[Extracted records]

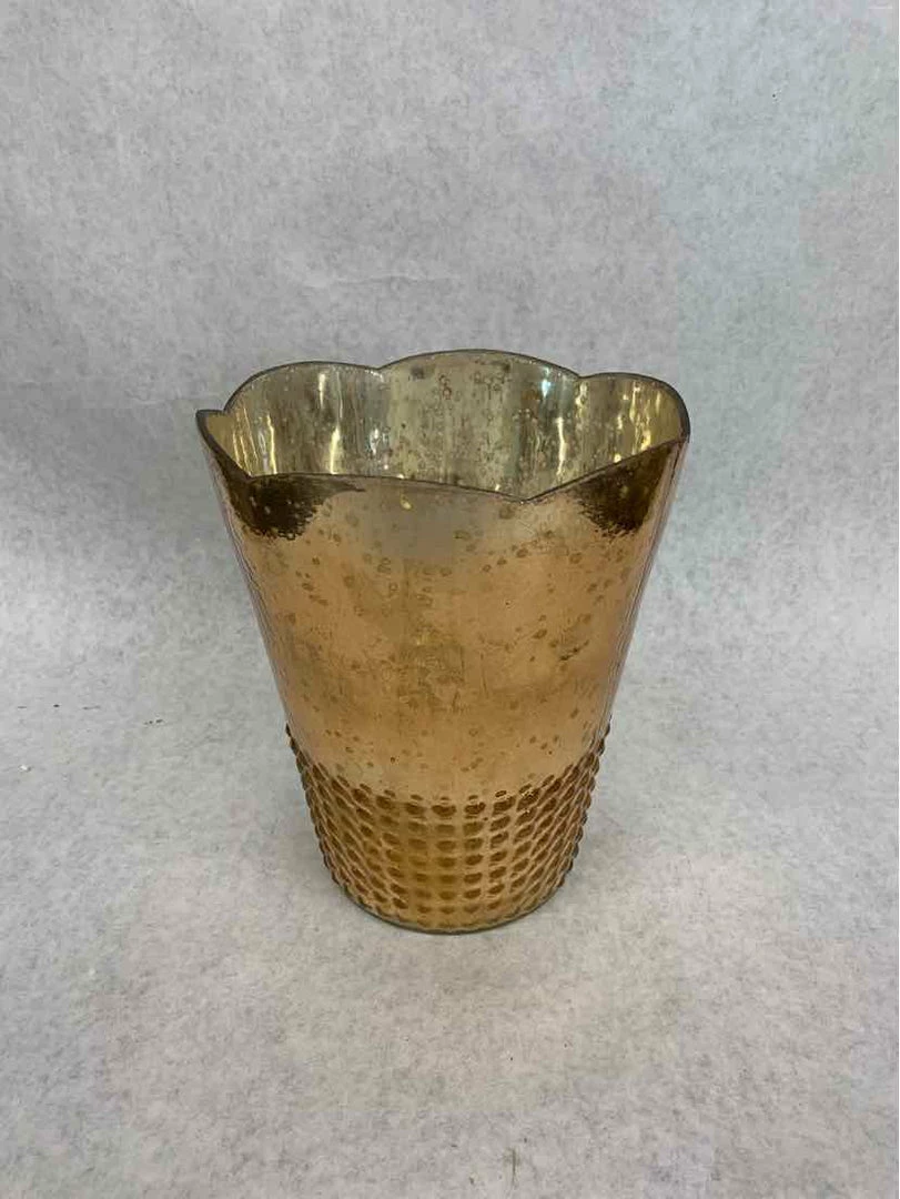 Scalloped Edge Rose Gold Mercury Glass Vase with Hobnail Design
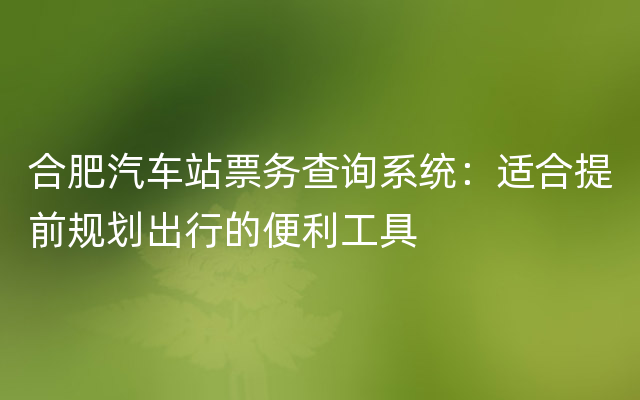 合肥汽车站票务查询系统:适合提前规划出行的便利工具
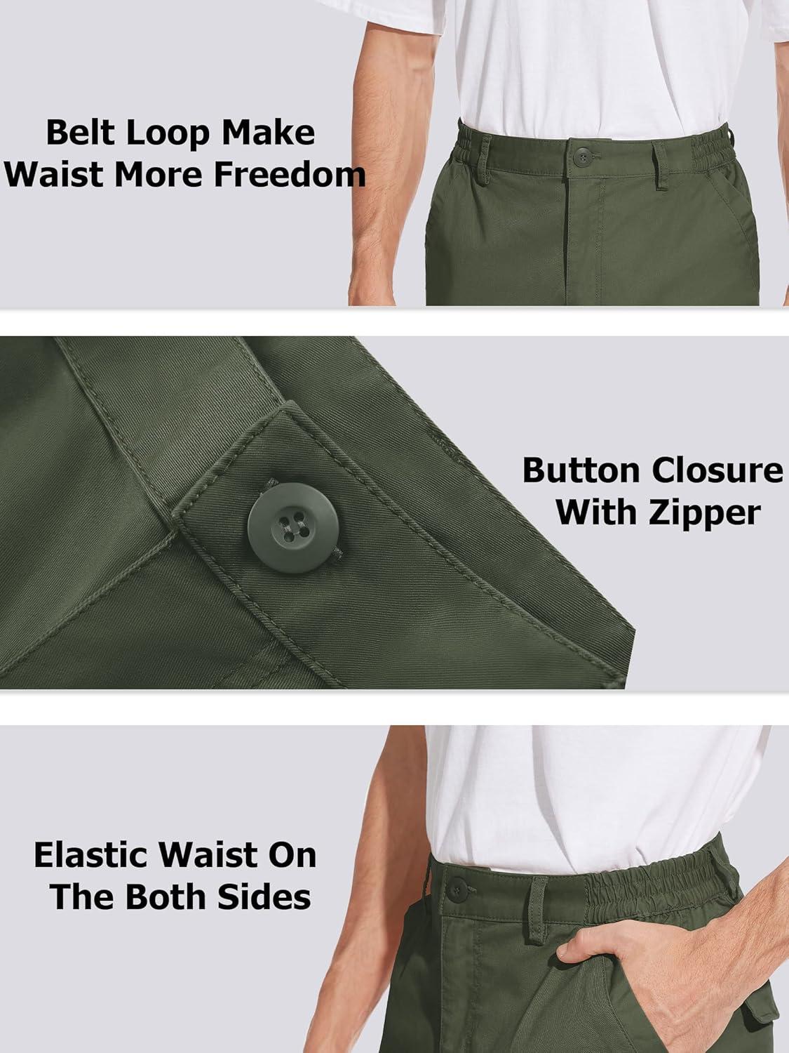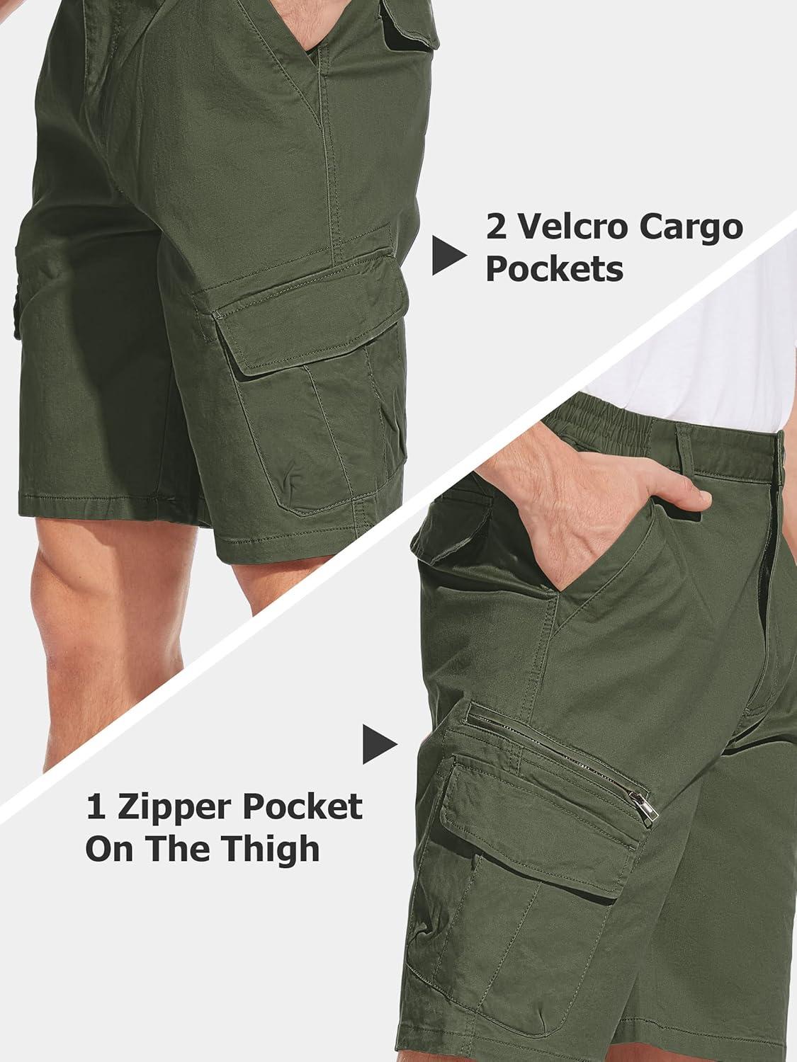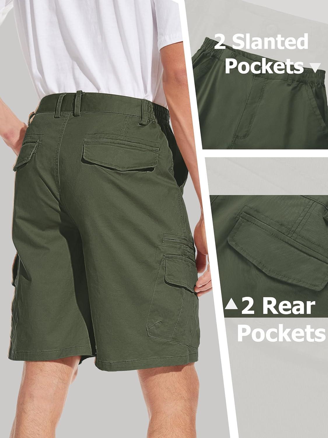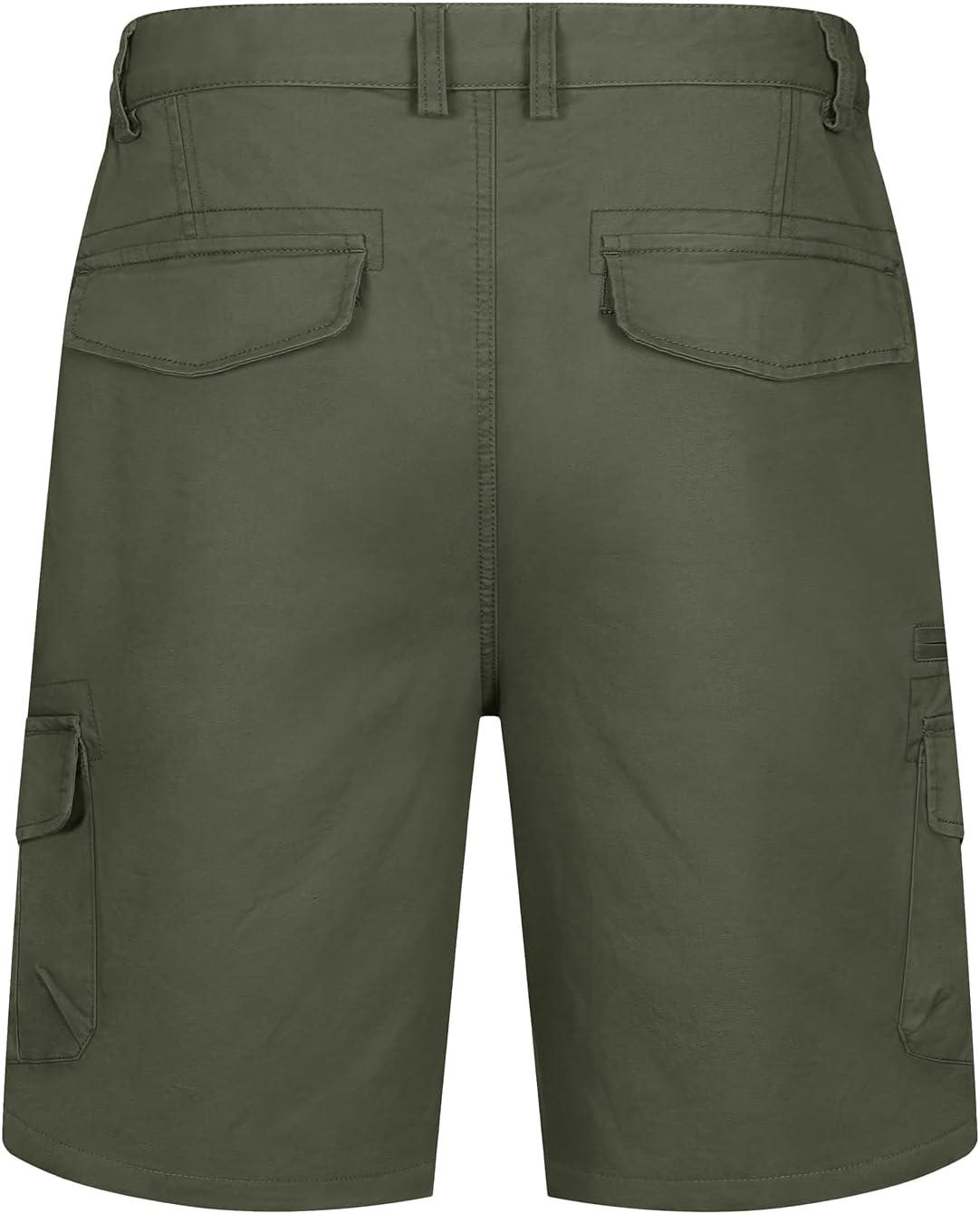 TACVASEN Men’s Cargo Short 7 Pockets Comfortable Cotton Elastic Waist Causal Work Shorts(Army Green)
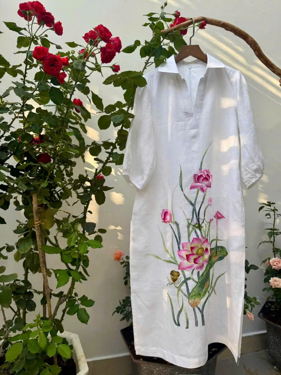 Linen với đặc tính mềm mại, hút ẩm tốt và thân thiện với làn da mang lại cảm giác thoải mái trong từng chuyển động. Khi được điểm xuyết bằng đường thêu tay – có thể là hoa lá, họa tiết hình học hay biểu tượng nghệ thuật – chiếc đầm trở nên sống động, thanh lịch và mang dấu ấn riêng.
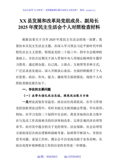 / XX县发展和改革局党组成员、副局长2025年度民主生活会个人对照检查材料

§ Your objective
Output, exactly and without pictures, the span of lines that starts at the line containing "TACVASEN Men’s Cargo" and ends at the last line above.

§ Reply
 TACVASEN Men’s Cargo Short 7 Pockets Comfortable Cotton Elastic Waist Causal Work Shorts(Army Green)
 Linen với đặc tính mềm mại, hút ẩm tốt và thân thiện với làn da mang lại cảm giác thoải mái trong từng chuyển động. Khi được điểm xuyết bằng đường thêu tay – có thể là hoa lá, họa tiết hình học hay biểu tượng nghệ thuật – chiếc đầm trở nên sống động, thanh lịch và mang dấu ấn riêng.
 / XX县发展和改革局党组成员、副局长2025年度民主生活会个人对照检查材料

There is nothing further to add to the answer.